DirectML vs. NVIDIA DLSS for Resolution Scaling

DirectX is an API that has been with us since Windows 95, it is a high-level API that abstractly represents different components of the PC to facilitate the communication of programs with the different peripherals. DirectML is one of the branches of DirectX 12 thought to facilitate the use of specialized units in artificial intelligence that have been implemented in hardware in recent years.

With the arrival of the new generation consoles in combination with the AMD RX 6000 we finally have both manufacturers of graphics cards with GPUs capable of executing algorithms designed for AI, however, the approach of both companies is different. While NVIDIA tries to tie developers to libraries that are exclusively intended for their hardware, AMD has chosen not to develop its own tools and to use the Microsoft DirectM L API .

Taking into account the two next generation consoles, PlayStation 5 and Xbox Series X, then it is clear that when it comes to the use of artificial intelligence algorithms in games then AMD is going to win, but we have to start from the idea that DirectML is not designed for specific hardware and is completely platform agnostic.

DirectML works under any type of processor

DirectML is based on the idea that we can execute any type of instruction on any type of processor, but not all are equally efficient, this means that some architectures will be more efficient than others when executing these algorithms.

The fastest type of unit are called ASICs, these are neural processors (NPUs) whose ALUs are systolic arrays and are optimized to execute these algorithms more quickly, examples of this type of units are the following:

The Tensor Core of the NVIDIA RTX
The NPUs of the different SoCs for Smartphones

The second type of unit are FPGAs configured as if they were ASICs, but due to the larger area of the FPGAs and the lower clock speed they are less efficient.

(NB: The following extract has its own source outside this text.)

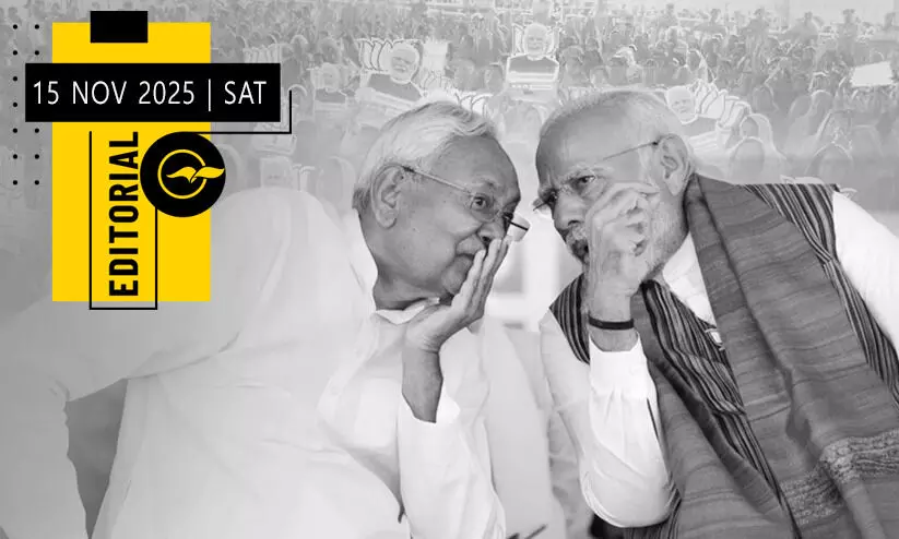 text_fieldsബിഹാറിൽ എക്സിറ്റ് പോൾ പ്രവചനങ്ങളെ കവച്ചുവെക്കുന്നതാണ് എൻ.ഡി.എയുടെ വിജയം; വർധിത ഭൂരിപക്ഷത്തോടെ നിതീഷ് കുമാർ ഒരിക്കൽകൂടി മുഖ്യമന്ത്രിപദത്തിൽ വരുമ്പോൾ അത് എല്ലാ അർഥത്തിലും പുതിയൊരു ചരിത്രത്തിന്റെ കൂടി തുടക്കമാകും. ഡസനിലധികം ഏജൻസികൾ നടത്തിയ തെരഞ്ഞെടുപ്പാനന്തര സർവേകളിലെല്ലാം എൻ.ഡി.എക്ക് ഭരണത്തുടർച്ച പ്രവചിച്ചിരുന്നു. എന്നാൽ, മുന്നണിക്ക് പരമാവധി 165 സീറ്റേ പ്രതീക്ഷിച്ചിരുന്നുള്ളൂ. അതിൽതന്നെ നിതീഷിന്റെ ജെ.ഡി.യുവിനെ അരികിലാക്കി ബി.ജെ.പി മുന്നണിയിലും നിയമസഭയിലും അപ്രമാദിത്വം സ്ഥാപിക്കുമെന്നും നിരീക്ഷിക്കപ്പെട്ടിരുന്നു. തെരഞ്ഞെടുപ്പ് പ്രചാരണഘട്ടങ്ങളിലെ നിതീഷിന്റെ പ്രകടനവും അത്തരമൊരു വിലയിരുത്തലിന് കാരണമായി.

The third type is the GPUs, these do not have specialized units, but rather it is about executing the AI algorithms as if they were Compute Shader programs, they are not as efficient as an FPGA or an ASIC, but they are much more efficient than a CPU to when executing this kind of algorithm.

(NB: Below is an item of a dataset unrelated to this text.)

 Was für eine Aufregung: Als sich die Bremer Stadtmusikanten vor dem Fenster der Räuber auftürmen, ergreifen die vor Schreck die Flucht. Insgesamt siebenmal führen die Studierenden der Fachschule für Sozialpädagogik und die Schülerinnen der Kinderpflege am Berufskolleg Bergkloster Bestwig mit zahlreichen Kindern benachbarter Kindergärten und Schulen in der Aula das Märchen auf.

DirectML is designed to use an ASIC if it is in the system, if it is not found then it will look for the GPU to run it and ultimately the CPU as a very desperate resource. On the other hand, libraries like NVIDIA cudNN will only work with the NVIDIA GPU and through the Tensor Cores, ignoring other types of units in the system.

Super-Resolution

It is known as Super-Resolution through AI when using an artificial intelligence algorithm to generate a higher resolution version of a given image , which has the advantage of being able to increase the output resolution of the games without having to render it natively and consume much less resources: Super-Resolution is only worth it when the time to render at a native resolution is greater than the time to render at a lower resolution rescan and perform the scaling algorithm through AI.

Keep in mind that there are two types of super-resolution algorithms:

Those of the first type are used in films and therefore in already predefined frames that are updated every x ms and where the decoding of them plus scaling via AI is done with very little power required. The automatic scaling systems of some televisions are based on algorithms of this type.
The second type is what we have seen with NVIDIA’s DLSS , in real-time games there is no predefined version of the image in memory, it has to be generated and then the processor that executes the algorithm has a few milliseconds to apply it. However, it must be clarified that what DLSS does is not exclusive to NVIDIA and anyone can make a counterpart.

The first type is very easy to train them since we can use the higher resolution version of a movie so that the AI can feed back during the training process. But in a video game it is different, each frame does not previously exist so the training used is much more complex and requires continuous supervision, hence, for example, NVIDIA has to use the Saturn-V supercomputers to train the AI.

The other problem is when executing the algorithm that has been achieved with the training. In the case of DLSS 2.0. A type of algorithm of the second type, its Tensor Cores have an average of 1.5 ms to carry out the whole process, which means that it needs a high power to do it at that speed, hence the huge amount of TFLOPS in the Tensor Cores.

In DirectML you can apply an algorithm of the same style, but it must be understood that the less powerful the part that applies the algorithm is, then the faster the GPU will have to be than rendering the scene in advance in order to give the unit in charge time to apply the super-resolution algorithm.

We may eventually see a demise of DLSS 2.0 in favor of the DirectML algorithm, but it remains to be seen if AMD’s GPUs are fast enough and hold up against NVIDIA’s . NVIDIA Tensor Core can perform FP16 and Int8 calculations at a 4: 1 ratio relative to any AMD GPU with similar specs. Not surprisingly, DirectML was introduced for the first time using the Tensor Cores of an NVIDIA Volta .

It must be taken into account that these algorithms do not generate the image in native 4K, but rather make an estimate of the value of each pixel and it must be taken into account that there is a range of error that can lead to representations that are far from what is expected. That is why the games that support this type of technique do not do it out of the box and the support is limited for the vast majority of games, but when the AI generates images very close to native 4K then the savings are significant.